Owned by MOL, LNG Jupiter will also load Ichthys cargoes for Osaka Gas. LNG Jupiter is the first Japanese-owned LNGC built to serve both a domestic electric power company and a domestic gas utility.
Consolidation
LNG Jupiter expands the Osaka Gas fleet to six ships. The seventh is LNG Mars, another 155,000m3 vessel from MHI, due for delivery next month. It will carry cargoes from Australia’s new Gorgon project.
The other utility company fleets have also grown. Following the completion by MHI of the 155,000m3 LNG Jurojin in November 2015, for the Ichthys project, Kansai Electric now has two ships in its fleet. A third, the 164,700m3 LNG Fukurokuju, is due for delivery by KHI in March and will carry cargoes produced at Australia Pacific LNG.
There are now nine ships in service in the Tokyo Gas fleet and four on order at the JMU yard for delivery in 2017 and 2018. Operated by MOL and NYK, the four newbuildings will transport LNG from the Cove Point bi-directional terminal on the US east coast.
The Tokyo Gas complement was the largest Japanese utility company LNG fleet until last year, when Tepco and Chubu Electric merged their operations to form JERA. JERA plans to invest heavily in domestic and overseas power generation and to boost the combined Tepco and Chubu LNGC fleet from 16 vessels to 30 by 2030.
The aggregate volume of LNG the two companies purchase for domestic consumption, some 40 million tonnes per annum (mta), makes JERA the world’s largest LNG purchaser. JERA’s long-term plan anticipates a 25 per cent decline in its own LNG purchases for Japan by 2030, reflecting a drop in the country’s overall LNG imports.
However, JERA’s planned fleet build-up means that its ships will carry a much larger percentage of the group’s LNG shipments to Japan by that date and will engage in overseas trading opportunities.
Japanese demand
Although Japan remains the world’s largest LNG importer by a wide margin, demand for gas in power generation and heating is beginning to ease. Shipments to Japan fell by 3.9 per cent last year, to 85 million tonnes (mt), or 34 per cent of the world trade in the product, and the trend is set to continue.
The restart of several Japanese nuclear reactors following a rigorous post-Fukushima safety review will do more to curb the demand for LNG than any other factor. Three of the country’s 43 operable plants have now been recommissioned and 25 are seeking permission to resume operations. Eclipse Energy forecasts that Japanese LNG consumption could drop to 77 mta by 2020.
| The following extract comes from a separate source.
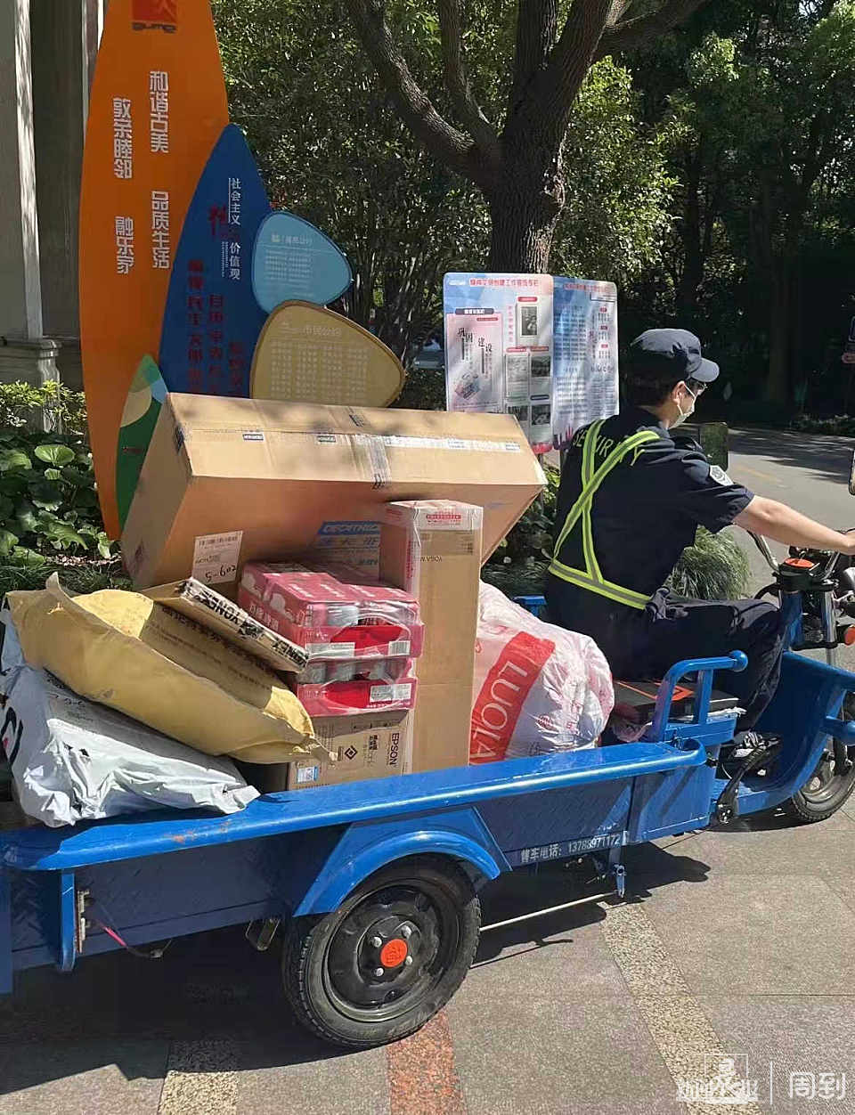 虽然超过40人的物业团队无人缺岗,可金汇豪庭毕竟是一个有着500多户居民的小区,事务繁杂,每天一千到两千件的物资分发任务,都落到了16个年轻的安保人员头上。

The Japanese utilities will strengthen their ability to control their supply-chain logistics with the expiry of 10 mta-worth of long-term LNG purchase contracts, to be replaced, to some extent, by new volumes of LNG from Australia and the US.
However, Japan’s utility companies have overcommitted themselves, having signed up to 38 mta of new LNG supply over the past five years – a figure that far exceeds domestic gas demand.
That means several LNGCs in these companies’ growing fleets will be trading LNG on a spot and short-term basis internationally. Delivering cargoes to countries that need LNG means these ships will add much-needed liquidity to the global LNG market.